Pan-Seared Tilapia with Lemon Coconut Greens

Flaky pan-seared tilapia fillets paired with vibrant, quick-cooked collard greens in a light lemon-coconut sauce, offering a healthy and zesty dinner.
- Prep: 10 min
- Cook: 15 min
- Total: 25 min
- Servings: 6
- Cuisine: Kenyan
- Difficulty: Easy
- Cost: $4.07/serving
Dietary
- Gluten-Free
- Dairy-Free
- Nut-Free
- Egg-Free
- Pescatarian
- Low-Carb
- High-Protein
- Whole30
- Soy-Free
- Low-Sugar
Tags
- sauté
- quick
- healthy
- fresh
- savory
Ingredients
- 6 tilapia fillets
- 1 tablespoon olive oil
- 1 teaspoon paprika
- 0.5 teaspoon garlic powder
- 0.5 teaspoon onion powder
- 0.5 teaspoon salt
- 0.25 teaspoon black pepper
- 2 tablespoon coconut oil
- 1 yellow onion (thinly sliced)
- 2 clove garlic (minced)
- 1 can light coconut milk
- 0.5 pound spinach (fresh)
- 2 tablespoon lime juice
Instructions
- Pat dry the 6 tilapia fillets. In a small bowl, combine 1 teaspoon paprika, 1/2 teaspoon garlic powder, 1/2 teaspoon onion powder, 1/2 teaspoon salt, and 1/4 teaspoon black pepper. Rub the seasoning mixture generously over both sides of each fillet.

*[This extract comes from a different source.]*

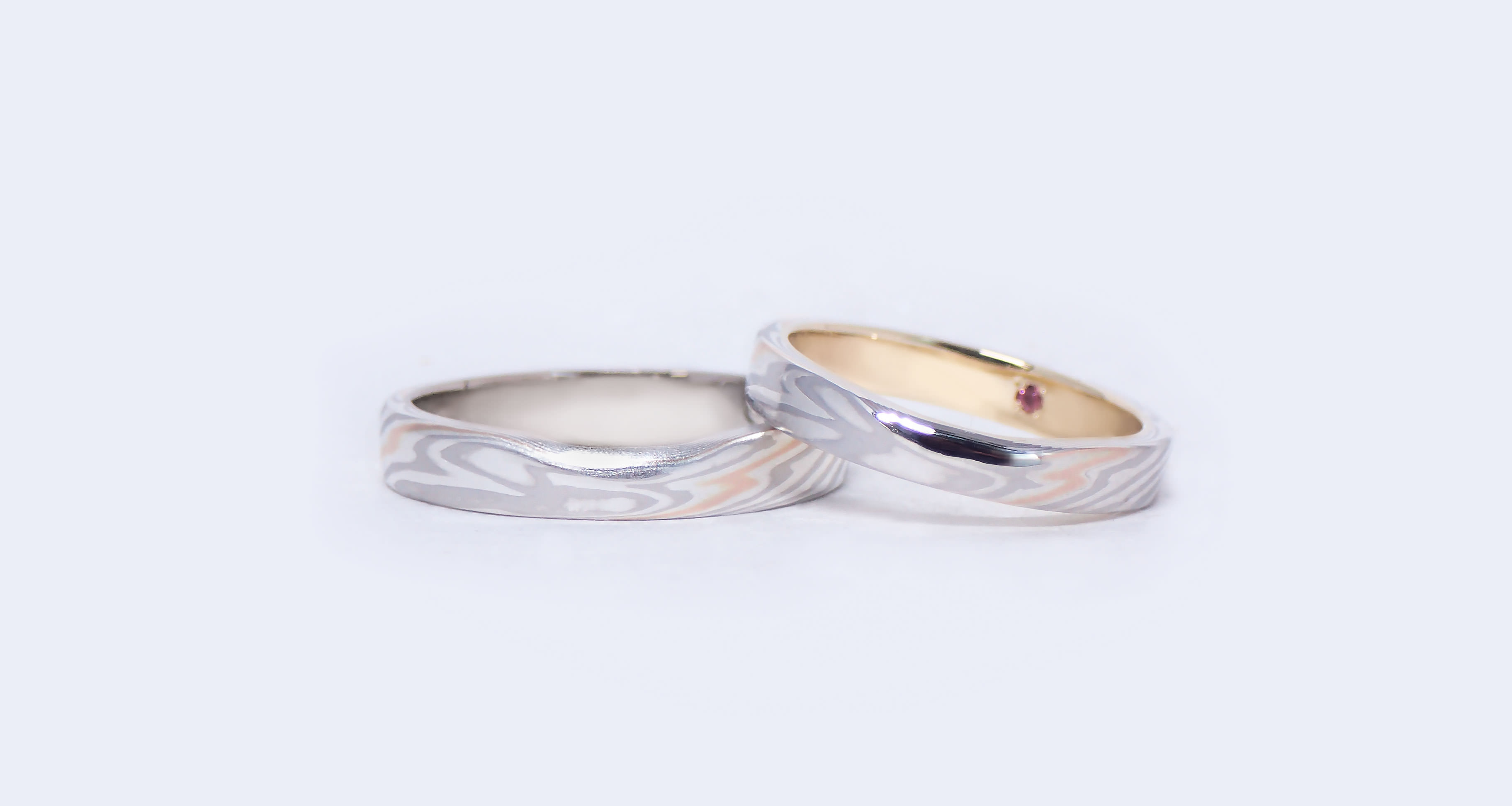 A. お好みの色合いで制作された木目金の板と鋳造で制作された内側のリングの2層構造で制作されるため「通常の指輪同等以上」の強度を有しています。

- Heat 1 tablespoon olive oil in a large non-stick skillet over medium-high heat. Once hot, carefully place the seasoned tilapia fillets in the skillet. Cook for 3-4 minutes per side, or until the fish is opaque and flakes easily with a fork. Remove fillets from skillet and set aside.
- In the same skillet, melt 2 tablespoons coconut oil over medium heat. Add 1 thinly sliced yellow onion and cook until softened, about 3 minutes. Stir in 2 cloves minced garlic and cook for 30 seconds until fragrant.
- Pour in 1 can light coconut milk and bring to a gentle simmer. Add 1/2 pound fresh spinach and cook until wilted, about 2-3 minutes. Stir in 2 tablespoons fresh lime juice.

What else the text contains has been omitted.